The hyFEN compiler can employ different activation functions for different layers to yield higher accuracy. For example, if the inputs to a DNN assume both negative and positive values, we employ an activation function such as the sign function or a parameterized hard tanh (PHT) function to better capture the range of inputs. On the other hand, if a set of values can only assume non-negative numbers, we rely on the parameterized clipping activation (PACT) [10] function to quantize activations. The same consideration is taken into account when quantizing the outputs of the last layer which are fed to a softmax function.

The FFCL layers in the HyFEN fabric have fixed-function, combinational logic behavior, which are different from one another. Therefore, we need different hardware resources for each FFCL layer, i.e., we cannot reuse the computational logic from one layer to another (this is an instance of the streaming architecture for DNN/CNN hardware realization). FIG. 7 shows N consecutive layers realized using the HyFEN fabric. If the first FFCL layer is the first layer of the network, input feature maps for the first layer should be transferred from dynamic random access memory (DRAM) to its on-chip RAM. Next, for each layer the data is read from the on-chip RAMs and moved to the register files, which serve as the input for the custom combinational logic. The output of the computation is written to the output register files and then the output on-chip RAMs for the layer. For each layer, by iterating over the input on-chip RAM and bringing different input data patches to registers, performing the required logic operations, and storing the results from output registers to output on-chip RAMs, the required computation for each FFCL layer is completed.
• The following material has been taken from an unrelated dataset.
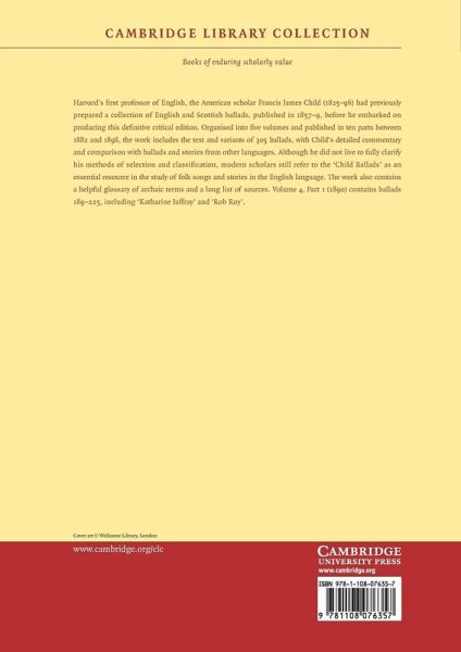 Harvard's first professor of English, the American scholar Francis James Child (1825-96) had previously prepared a collection of English and Scottish ballads, published in 1857-9, before he embarked on producing this definitive critical edition. Organised into five volumes and published in ten parts between 1882 and 1898, the work includes the text and variants of 305 ballads, with Child's detailed commentary and comparison with ballads and stories from other languages. Although he did not live to fully clarify his methods of selection and classification, modern scholars still refer to the 'Child Ballads' as an essential resource in the study of folk songs and stories in the English language. The work also contains a helpful glossary of archaic terms and a long list of sources. Volume 4, Part 1 (1890) contains ballads 189-225, including 'Katharine Jaffray' and 'Rob Roy'.
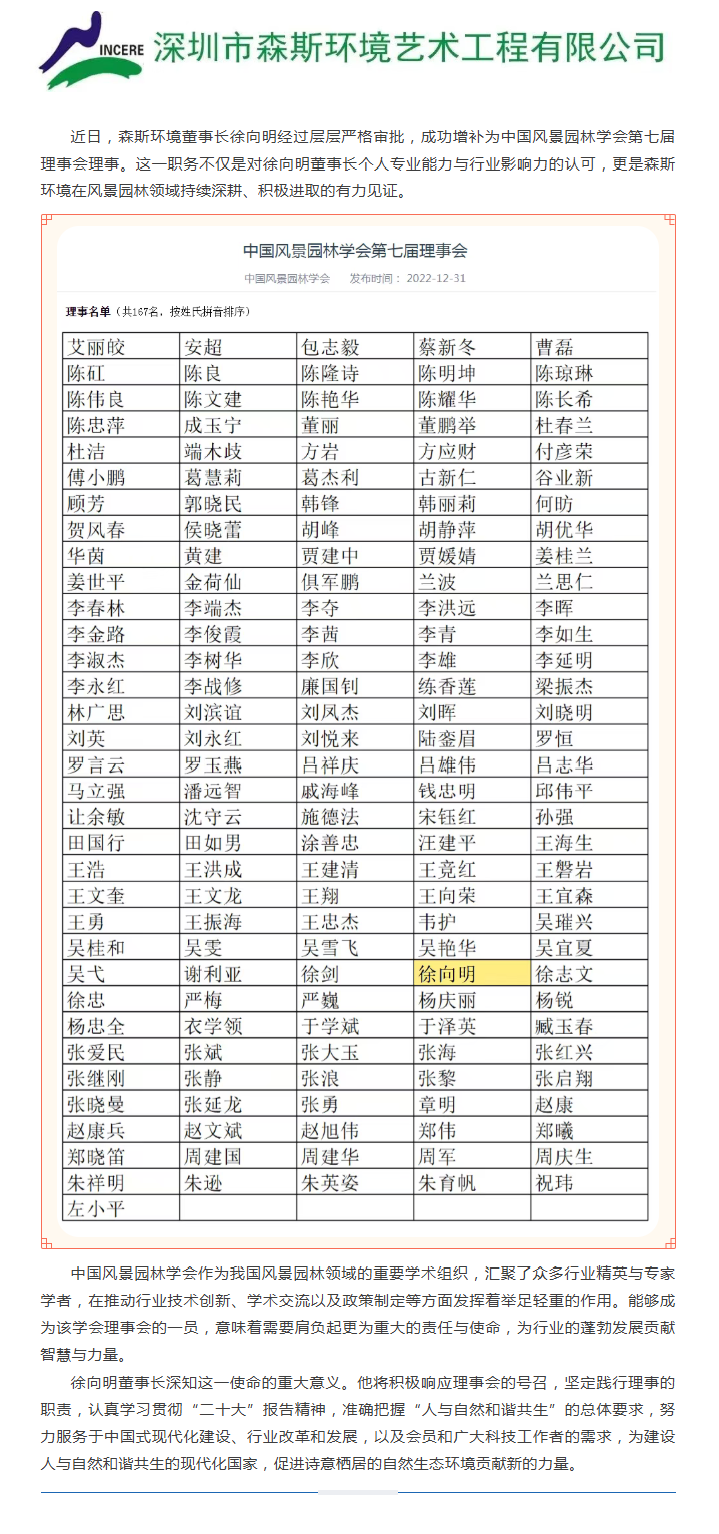 森斯环境董事长徐向明增补为中国风景园林学会第七届理事会理事

The number of iterations for each FFCL layer of a CNN depends on (i) dimensions of the input feature map, (ii) size of the patches, and (iii) number of times the custom combinational logic is replicated in hardware for the layer. As explained above, these replicas enable parallel processing of more than one patch of the input in each iteration. Note that, in fully-connected layers (e.g., last two layers in FIG. 7), there is only one copy of each combinational function and one iteration, so feature maps are not stored in the on-chip RAM and can be accessed directly from registers.

For evaluation purposes, the HyFEN framework targeted a Xilinx VU9P FPGA in the cloud (available on the AWS EC2 F1 instance). This FPGA platform includes 64 GiB DDR4 ECC protected memory, with a dedicated PCIe x16 connection. There are four DDR banks. This FPGA contains approximately 2.5 million logic elements and approximately 6,800 DSP units⁵. Input images are sent using PCIe from the host CPU to the on-board DDR4, accessible by the accelerator, and the output results are sent back to the host CPU.

⁵ https://aws.amazon.com/education/F1-instances-for-educators/

First, we evaluate the HyFEN framework against extreme-throughput tasks in physics and cybersecurity such as jet substructure classification and network intrusion detection. We use Xilinx Vivado 2019.1 in the out-of-context mode with Flow_PerfOptimized_high for synthesis and Performance_Explore for place and route without any manual placement constraints. We constrained the clock cycle time to 1 ns to achieve the highest possible frequency.

We also evaluated the HyFEN framework on a well-known CNN, i.e., VGG16 and a commonly used computer-vision dataset for object recognition i.e., the CIFAR-10 dataset. As a baseline for the state-of-the-art generic MAC array-based accelerator for the layers realized using

conventional MAC calculations, we used the open-source implementation of [53] with some modifications including transferring all weights required for the computation of the layer from the external memory into on-chip RAMs, where these weights get reused for calculations corresponding to different patches of input feature maps. Furthermore, partial sums of accumulation for processing the output of a filter/neuron are also stored in the register file of the same processing element. Considering these modifications, we reduce the latency of VGG-16 inference employing the generic MAC array-based accelerator.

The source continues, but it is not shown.